Sondagem: o centro não se aguenta
“As coisas desmoronam-se; o centro não se consegue sustentar”, escreveu o poeta irlandês W. B. Yeats, no celebrado poema The Second Coming, escrito na sequência da I Guerra Mundial. É fácil lembrarmo-nos desse verso, quando se lêem os resultados da sondagem RTP-PÚBLICO que publicamos esta segunda-feira, que mostram a descida acentuada das forças que têm sido centrais ao sistema político português. Sondagens são sondagens, mas há uma tendência que não pode ser negligenciada.
O centro está sob pressão e, se o dia 10 de Março confirmar a tendência, assim poderá terminar a excepção portuguesa, com esse canto do cisne que foi a mais que improvável maioria absoluta que agora termina. Se, em toda a Europa, os partidos que eram centrais na alternância política no pós-guerra foram diminuindo a sua influência, alguns mesmo desaparecendo, para dar lugar a um cenário politicamente mais fragmentado, não eram os Pirenéus que poderiam evitar esta mudança entre nós.
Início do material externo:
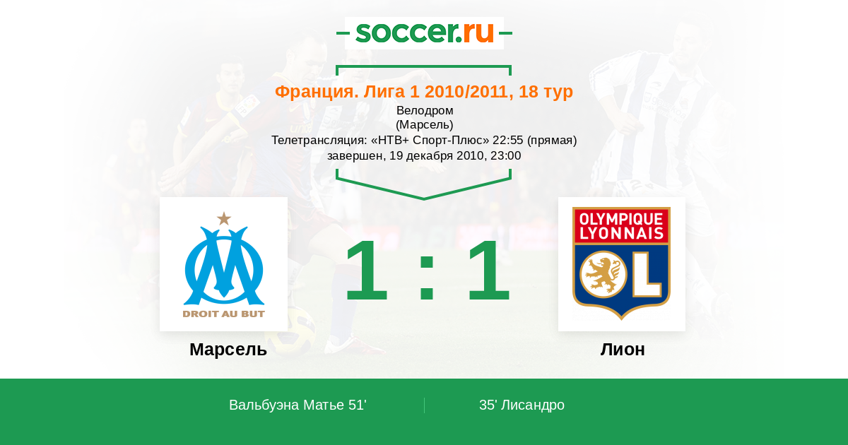 51' (1:1) Вальбуэна Матье (28) (Шейру Бенуа (7))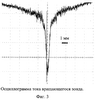 Как и в наиболее близком из рассмотренных аналогов, инициирование разряда в полом катоде осуществляется за счет обратного ионного потока, проникающего из ускоряющего промежутка через окна в аноде в разрядную область. В то же время, ограничения, накладываемые на размер ячеек сеток, перекрывающих окна, расположенные вокруг эмиссионного отверстия в аноде, существенно снижают электронную эмиссию через эти окна за счет наличия для плазменных электронов потенциального барьера, обусловленного ионным слоем, отделяющим плазму от сетки. Для ионов из ускоряющего промежутка барьер отсутствует, и они беспрепятственно проникают в разрядную область. В связи с указанными обстоятельствами эмиссия электронов из плазмы осуществляется через центральное отверстие в аноде, не перекрытое сеткой. Это позволяет осуществить эффективную фокусировку пучка, добившись в фокальной плоскости диаметра, не превышающего 1 мм. Источник работает следующим образом. По достижении в вакуумной камере давления 2-10 Па, соответствующего форвакууму, к разрядному промежутку: полый катод 1 – анод 2 подключают блок питания разряда с напряжением порядка 500 В. В этих условиях разряд не зажигается, т.е. Id=0. Затем плавно повышают напряжение Ue на ускоряющем промежутке: анод 2 – ускоряющий электрод 3. При этом в ускоряющем промежутке возникает слаботочный высоковольтный тлеющий разряд. Формируемый этим разрядом поток ускоренных ионов движется к аноду 2 и через окна 8 проникает в полость катода 1, вызывая вторичную электронную эмиссию с его стенок. Возрастание тока ионов Ii, в цепи полого катода с увеличением Ue иллюстрируется пунктирной кривой на фиг.2. При некотором значении Ue (обычно 3÷5 кВ) и соответствующем значении ионного тока Ii происходит зажигание разряда, что фиксируется в виде резкого возрастания тока Id (фиг.2). Дальнейший подъем ускоряющего напряжения до значений 15-20 кВ при включенной фокусирующей системе обеспечивает формирование остросфокусированного электронного пучка. Это подтверждается осциллограммами тока вращающегося зонда, выполненного в виде проволоки, пересекающей пучок в перпендикулярной плоскости (фиг.3).
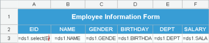 ReportLite adopts an Excel-like design; its cell naming and some common formulas are consistent with Excel. The formula ‘=ds1.select(EID)’ in cell A3 means to retrieve the data of EID column from ds1. When viewing the report results, the data in this cell will be automatically filled based on the data in data file. For other cells, writing ‘=ds1.column name’ can retrieve the data of the corresponding column directly.
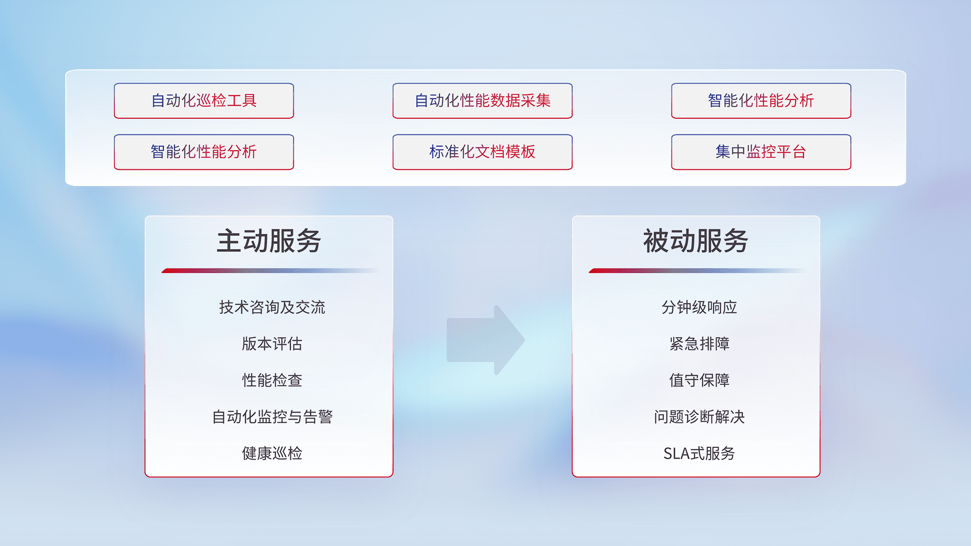 智能化工具和标准化文档,,,保障服务质量,,,,提供主动服务(包含技术咨询、、版本评估、、性能检查、、、自动化监控与告警、、健康巡检)和被动服务包含(分钟级响应、、、、紧急排障、、、、值守保障、、、问题诊断解决、、、、SLA服务)。。。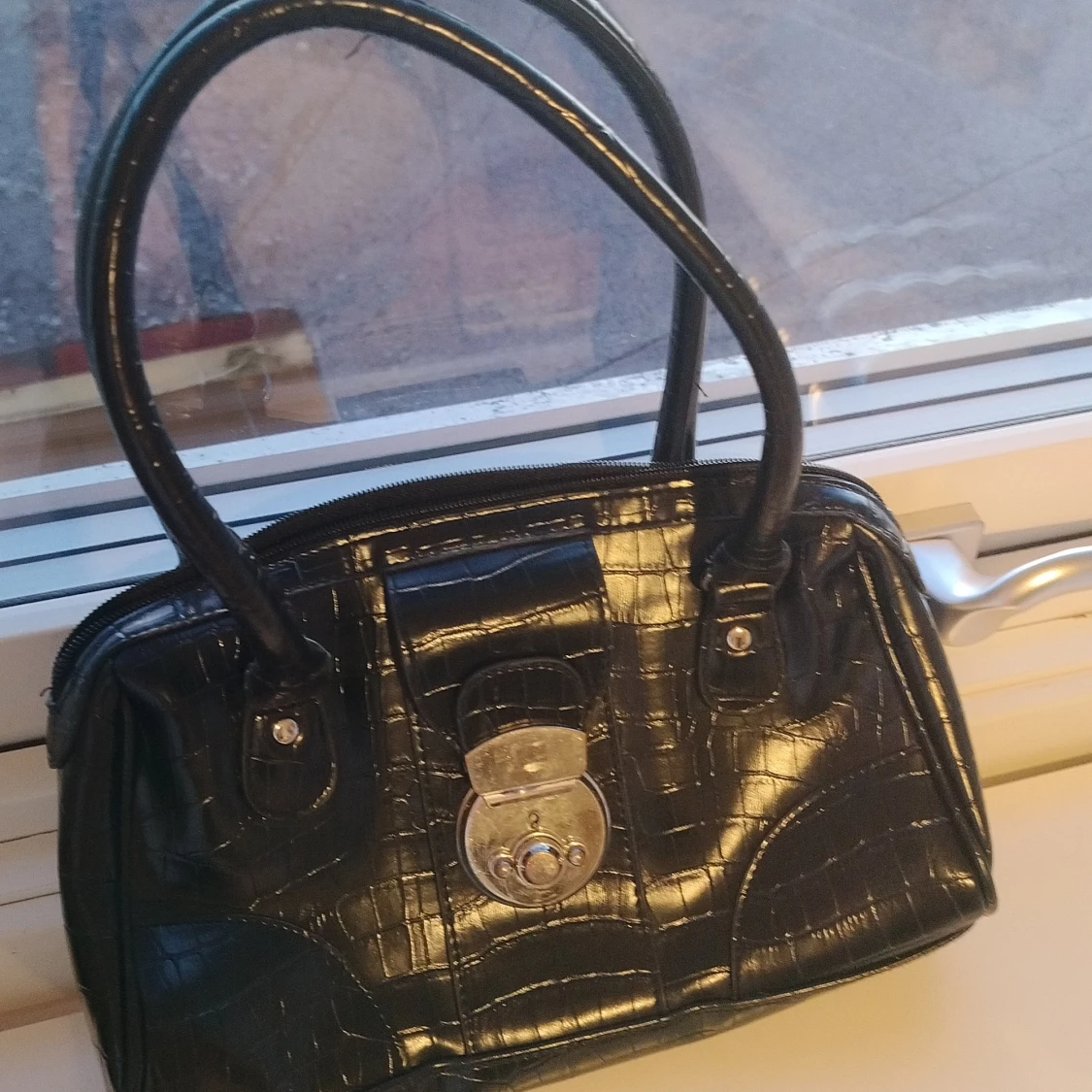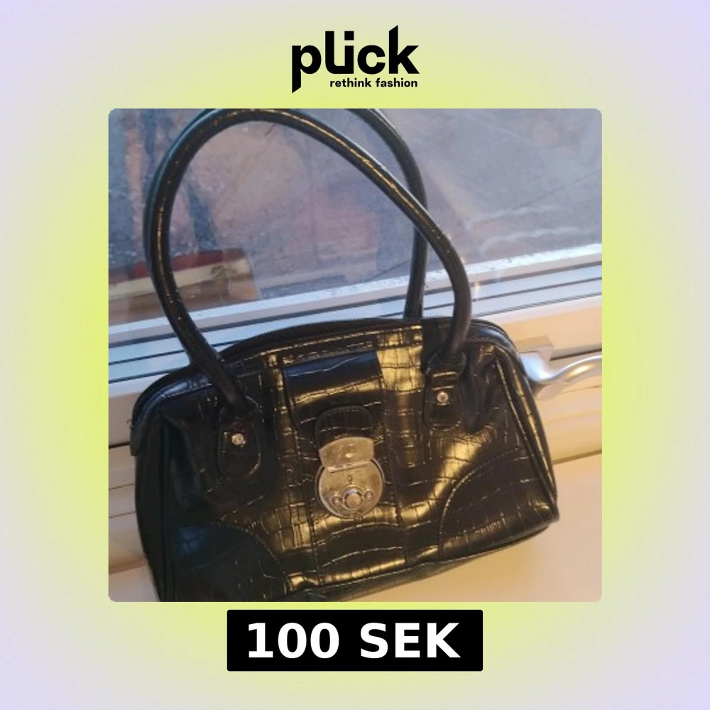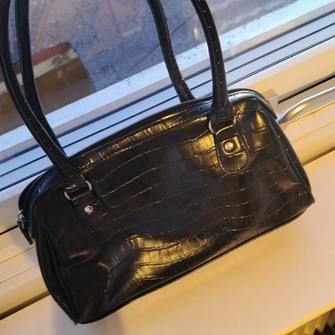 Snygg svart handväska i syntetmaterial med krokodilpräglat mönster. Väskan har två handtag och en dekorativ låsdetalj på framsidan. Perfekt för att ge en elegant touch till din outfit. Nästan aldrig andvänd🩷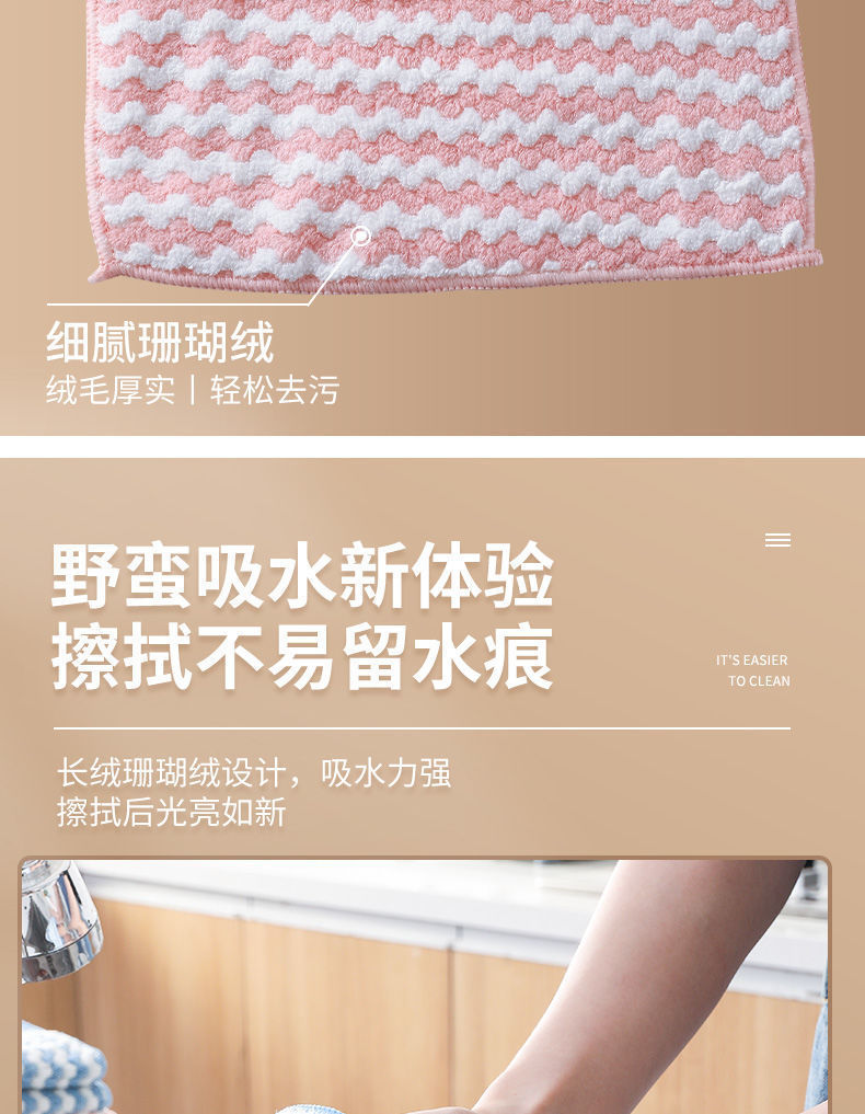 台所のサンゴの絨毯の食器洗い布の吸水百潔布の陽イオンの雑巾の怠け者の厚い日用の食器洗い布の卸売り

Também em Portugal a democracia tem mostrado dificuldade em responder ao desafio existencial do aumento das desigualdades, que ajudam a alimentar o mal-estar que leva muitos a desacreditar do sistema. Um Estado social forte, que teve capacidade para mitigar problemas como os criados pela pandemia ou pela crise económica, foi a resposta possível que ajudou a atenuar o desconforto em que vivem muitos eleitores.
Ao contrário de outros países, também não são as guerras identitárias ou os problemas de imigração que têm servido de combustível para o crescimento das forças que se vão desenvolvendo dentro, mas contra, o sistema. Restava o descrédito da classe política e o problema da corrupção e 2023 foi mais do que pródigo em juntar mais achas para a fogueira.
Não se estranhe, por isso, que as forças que melhor personificam estes quase 50 anos de democracia estagnem ou caiam (PSD e PS), enquanto as que mais têm erguido a bandeira da disrupção (Chega e IL) cresçam.
Ainda há muito caminho para percorrer e ainda há muitos indecisos para convencer, como mostra a sondagem. Mas quem quer defender o sistema, obrigando-se sempre a melhorá-lo, só pode ficar inquieto quando as acusações de radicalismo se repetem, tanto vindas dos socialistas como dos sociais-democratas. Afinal, se todos se pintam de radicais, porque há-de o eleitor conseguir distingui-los daqueles que até gostam do epíteto? Os líderes das forças centrais do sistema deviam perceber que nas eleições que se aproximam têm muito maiores responsabilidades do que simplesmente vencer.